The test harness runs every combination of models, runners, and scenarios defined in your matrix. Each test runs multiple times (default 3) and keeps the **worst result** — if a test fails even once, it's marked failed. This catches flaky passes.

## Configuration

Edit `config.yaml` to define your test matrix:

### Models

LLMs to test against. Supports any provider (Anthropic, OpenAI, Ollama, etc.):

```yaml
models:
  - name: opus
    provider: anthropic
    model: claude-opus-4-5-20251101

  - name: qwen3-coder
    provider: ollama
    model: qwen3-coder:64k

  - name: gpt4
    provider: openai
    model: gpt-4-turbo
```

### Runners

Agent frameworks that execute the tests. Each runner has its own binary, type, and configuration:

```yaml
runners:
  # Goose agent with extensions
  - name: goose-full
    type: goose
    bin: goose                    # path to binary (can be absolute)
    extensions: [developer, todo, skills]
    stdio:
      - node mcp-harness/dist/index.js

  # OpenCode agent
  - name: opencode
    type: opencode
    bin: opencode                 # path to binary
    stdio:
      - node mcp-harness/dist/index.js

  # Custom goose binary path
  - name: goose-dev
    type: goose
    bin: /path/to/my/goose-dev
    extensions: [developer]
```

**Supported runner types:**
- `goose` — [Goose](https://github.com/aaif-goose/goose) agent framework
- `opencode` — [OpenCode](https://opencode.ai) agent framework
- `pi` — [Pi](https://github.com/badlogic/pi-mono) coding agent

## Runner Details

Each runner has different setup requirements, MCP integration methods, and session handling.

### Goose

[Goose](https://github.com/aaif-goose/goose) is an open-source coding agent with built-in MCP support.

**Setup:** Install via `brew install goose` or from source.

**MCP Integration:** Native support. The harness writes a `config.yaml` to an isolated `.goose-root/` directory with extensions and MCP servers:

```yaml
extensions:
  developer:
    enabled: true
  mcp_harness:
    type: stdio
    enabled: true
    cmd: node
    args: [mcp-harness/dist/index.js]
```

**Session Handling:** Uses `--name <session>` for named sessions, `--resume` to continue:
- Turn 1: `goose run -i <prompt> --name <session>`
- Turn 2+: `goose run -i <prompt> --name <session> --resume`
- Single-turn: `goose run -i <prompt> --no-session`

### OpenCode

[OpenCode](https://opencode.ai) is a terminal-based coding agent.

**Setup:** Install via their website or package manager.

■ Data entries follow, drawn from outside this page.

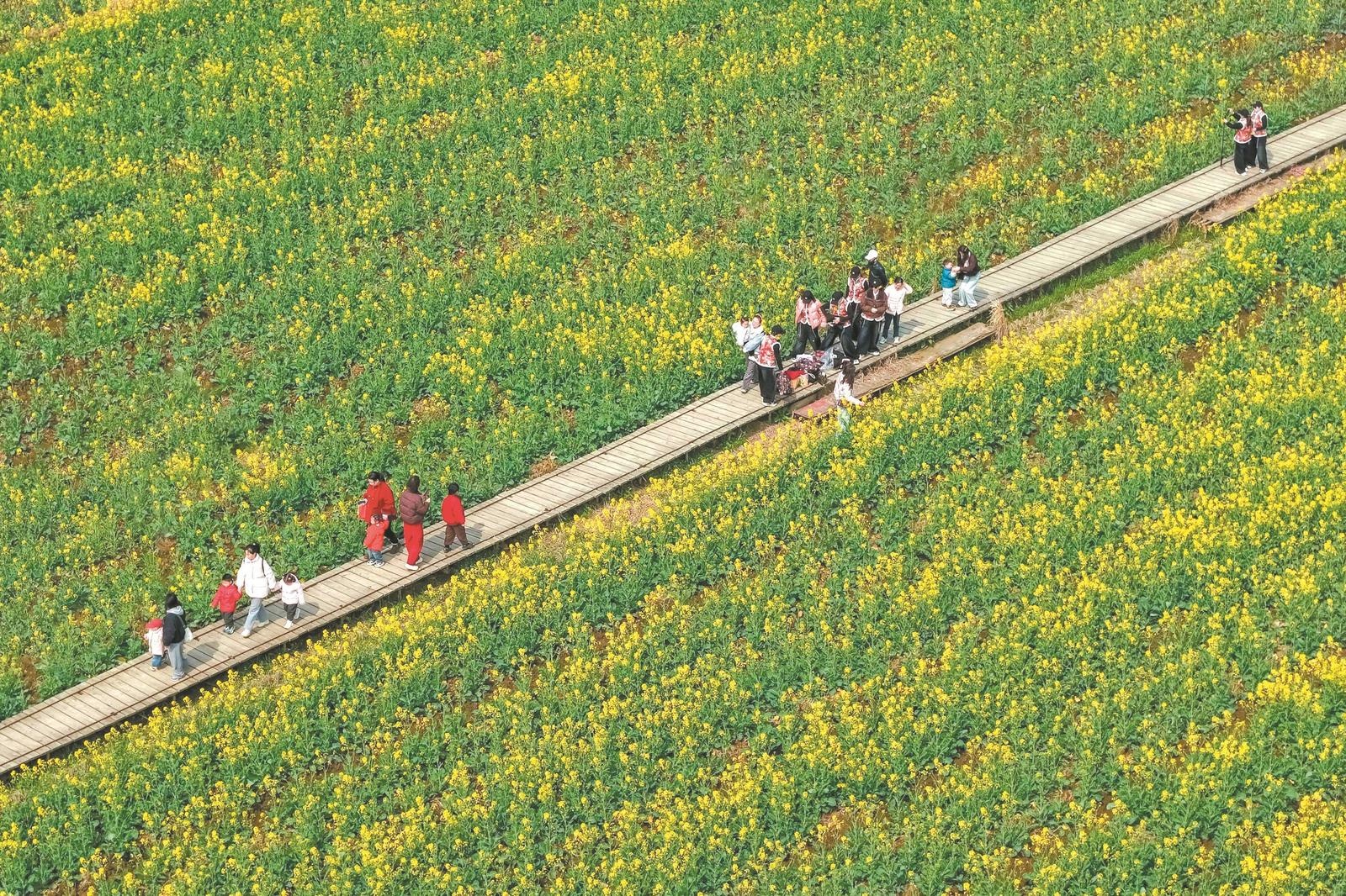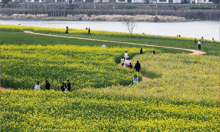 3月7日,銅陵市銅官區(qū)西湖鎮(zhèn)橫塘鄉(xiāng)村生態(tài)園里的油菜花爭相綻放,市民和游客在金黃的花田里踏青賞花,感受大好春光。
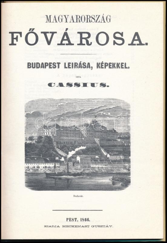 Cassius: Magyarország fővárosa. Budapest leírása, képekkel. Bp.,(1995), Helikon. Kiadói kartonált papírkötés. Reprint kiadás.
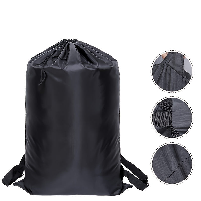 Katta yuvish ruksak, tortish ipi bilan, iflos kiyimlarni saqlash uchun mo'ljallangan. Oson ko'chirish uchun yelka tasmalari bilan birga keladi. Yotoqxona va uylar uchun ideal, bu mustahkam yuvish sumkasi sayohat paytida joyni tejaydi.
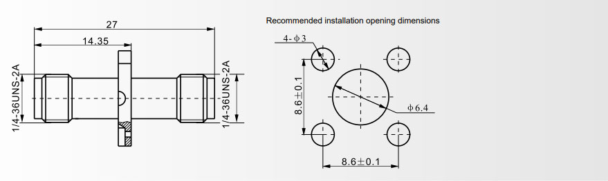 Voltage Standing Wave Ratio (VSWR, with semi-rigid/flexible cable) ≤1.10 + 0.02F

**MCP Integration:** Native support. The harness writes an `opencode.json` config to the workdir:

```json
{
  "mcp": {
    "harness": {
      "type": "local",
      "command": ["node", "mcp-harness/dist/index.js"],
      "enabled": true
    }
  },
  "model": "anthropic/claude-opus-4-5-20251101"
}
```

**Session Handling:** Uses `--continue` to resume the last session in the working directory:
- Turn 1: `opencode run "<prompt>"`
- Turn 2+: `opencode run --continue "<prompt>"`

⚠️ OpenCode doesn't support named sessions, so multi-turn scenarios exclude it.

### Pi

[Pi](https://github.com/badlogic/pi-mono) is a lightweight coding agent that requires an adapter for MCP support.

**Setup:**
```bash
# Install Pi
npm install -g @anthropic/pi   # or from source

# Install the MCP adapter (required for MCP tools)
pi install npm:pi-mcp-adapter
```

The `just install` recipe auto-installs pi-mcp-adapter if missing.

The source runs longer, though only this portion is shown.